Re-imagining Land – Living on Abandoned Land: Environment and Depopulation on the Azores
April 14 @ 12:00 pm – 1:00 pm EDT

Join the EDC and Tim Burger for a discussion about living on abandoned land!
Residents of the Azores, a Portuguese archipelago in the North Atlantic, grapple with rapid demographic decline which has halved the population of several islands. My talk suggests that people understand their crisis primarily as an environmental one. With thick brushwood enclosing upon their formerly tidy and productive fields, they live out their consciousness of abandonment by engaging with agrarian land that is known to lie in ruins. Land, then, is the central frame mediating abandonment. More specifically, I trace a set of relations, ideas and actions associated with land that is said to be already ‘lost’. Lost land or terra perdida, the local shorthand for everything that is going wrong with farming, denotes fields that have become overgrown and thus at once unproductive and aesthetically unpleasing. Yet lost land is also the site where islanders can take a concrete effect on abandonment’s manifestation. As they encounter depopulation as a disorienting loss of familiarity with their environment and historical positionality, not forsaking land but keeping it under strenuous cultivation becomes an imperative informing conviviality, economy, and historicity.

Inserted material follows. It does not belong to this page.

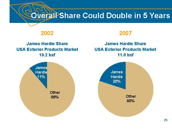 | Overall Share Could Double in 5 Years 2002 James Hardie Share USA Exterior Products Market 10.2 bsf 2007 James Hardie Share USA Exterior Products Market 11.0 bsf James Hardie 11% Other 89% James Hardie 20% Other 80% |

Tim Burger is an Incoming Postdoctoral Fellow at the Institute of Social Anthropology at the Austrian Academy of Sciences in Vienna. He completed his doctoral thesis at the University of Cambridge in 2024 and has published on human-animal relations, historicity and money in journals such as Social Analysis, American Ethnologist (in press), and Sociologus. He also coedited collections on ethnographic methodology (2024), on feminist approaches to the study of capitalism (2023), and on the role of literature in the ethnographic imagination (2024).
This event continues the EDC’s 2024-25 itinerary for “Reimagining Land,” which explores ecology, history, and contemporary place-making efforts through experiential and virtual events.